As I have stated in prior reviews (here, here), I like time travel films quite a bit. And, as I said, I really like time travel movies where shit fucks up...bad. Today’s film is the first film that I think of when I think “bad time travel”. Today’s film is The Butterfly Effect.
As you can guess by the title of the film, The Butterfly Effect uses a more chaos theory based mechanic for its take on time travel, and, much like that turn of phrase, it does not shy away from negative consequences. In fact, I can’t think of a single positive consequence to any of the time travel.

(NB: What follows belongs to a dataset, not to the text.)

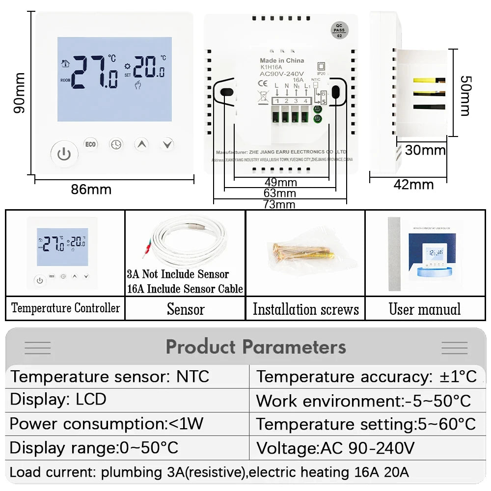 AC90V-240V 3A 16A Water Electric Floor Heating TRV House Room Thermostat Temperature Controller Digital LCD Display Wall Mounted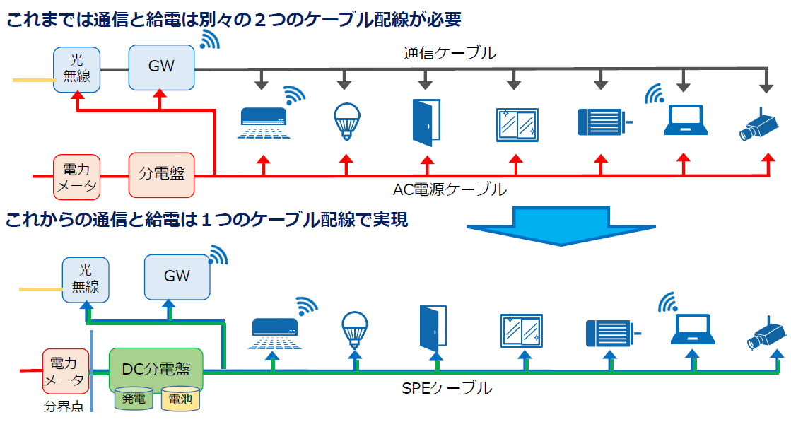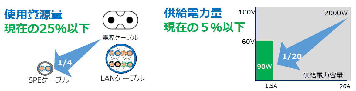 通信は無線でも光ファイバーでも実現できますが、電源をシングルペアで送るということが今までにない大きな特徴です。SPEでは直流で送電しており、感電保護やブレーカーなどの安全機能がすべて規格に含まれています。

In fact, just think of this as the anti Quantum Leap – instead of putting right what once went wrong, the wrong is just made even wronger for everyone involved.

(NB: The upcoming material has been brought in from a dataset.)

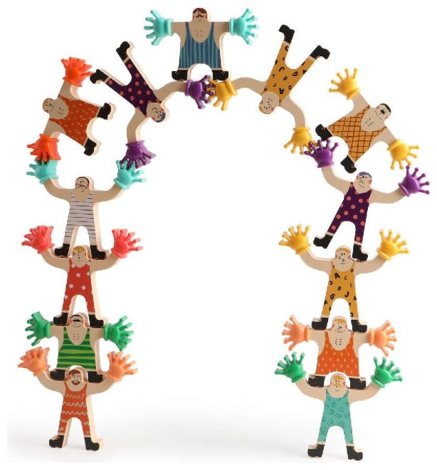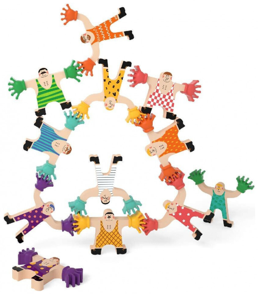 Αυτό το διασκεδαστικό εκπαιδευτικό παιχνίδι ισορροπίας απαιτεί δεξιότητες και σταθερά χέρια. Τα παιδιά πρέπει να σκεφτούν δημιουργικά και να εξασκηθούν στην προσέγγιση ενός προβλήματος με τρόπο προσανατολισμένο στη λύση, ώστε να φτιάξουν σωστά έναν πύργο ή να στοιβάξουν τις φιγούρες. Οι ξύλινες φιγούρες είναι εύκολα διαχειρήσιμες από τα μικρά παιδιά, ενώ οι υπέροχες εικονογραφήσεις διεγείρουν τη φαντασία τους.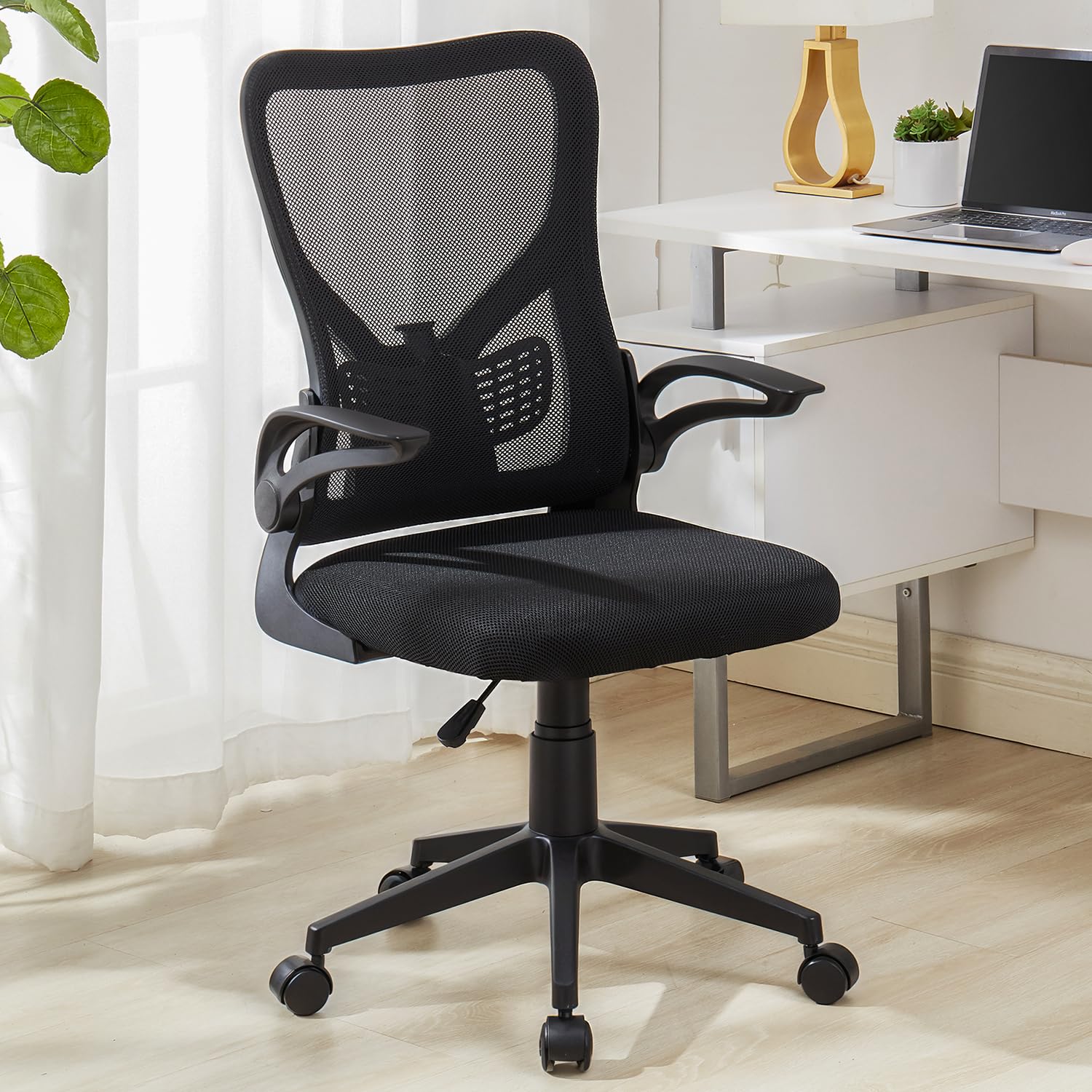 Mid-Back Mesh Ergonomic Office Chair with Flim-up Armrests, Breathable Lumbar

Ashton Kutcher (I know, stick with me, dude is actually good – damn good, in fact) plays Evan Treborn, who finds out that he can travel back into past moments of his life to try and change them. Unfortunately, every time he tries to change an aspect of his quite fucked up childhood (or that of his girlfriend, Kaylee – Aimee Smart) not only does he end up fucking up the present for all involved, but ends up doubling, tripling and quadrupling the memories stored within his brain – causing himself physical and psychological harm. Eventually, he realises that he is the cause for all the badness in both he and Kaylee’s lives, and that’s when the cinematic and director’s cuts differ. So Evan travels back in time to the day he and Kaylee first meet as children, then acts like a complete jerk to her, putting paid to their friendship before it begins, putting them both on different life paths. Accidentally crossing paths in NYC, they have a slight spark of recognition, and then the film ends. So Evan travels back in time to when he was still in the womb, and chokes himself to death with his umbilical cord, thus making sure Kaylee and his friends can never meet him at all.
As you may have guessed, this is one incredibly dark, some would even say depressing film. It really has it all – psychological screw ups, drug addiction, incest, beatings, rape, prostitution, prison; to the point where some people could say, with good point, that the writer and director intentionally tried to cross that bleakness line. And yes, I will admit, there are a couple of points that cross from dark to ludicrous. But ultimately, it manages to stay on the “damn, that is some fucked up shit” side of things. Thankfully due to the actors involved; like I said, it’s really Ashton Kutcher’s high point as an actor, having never been as good before or since; but Aimee Sweet is always a good watch (she’ll never be in line for an Oscar, but she’s always a welcome addition to any cast). The rest of the cast is also great, Melora Walters and Callum Keith Rennie put in small but darn good performances as Evan’s folks and the keys to his power, Eric Stoltz as Kaylee’s father has never been slimier (and I would go so far as to call him one of the best slimeballs in movies). However, the surprise performance of the film goes to Jessie James, who plays Kaylee’s brother in their teen years – he is just plain frightening.
If you can let some jumps in psychology, genetic makeup and time travel rules slide, you’ll get a pretty decent watch. Just stay away from the sequels, which are just plain bad.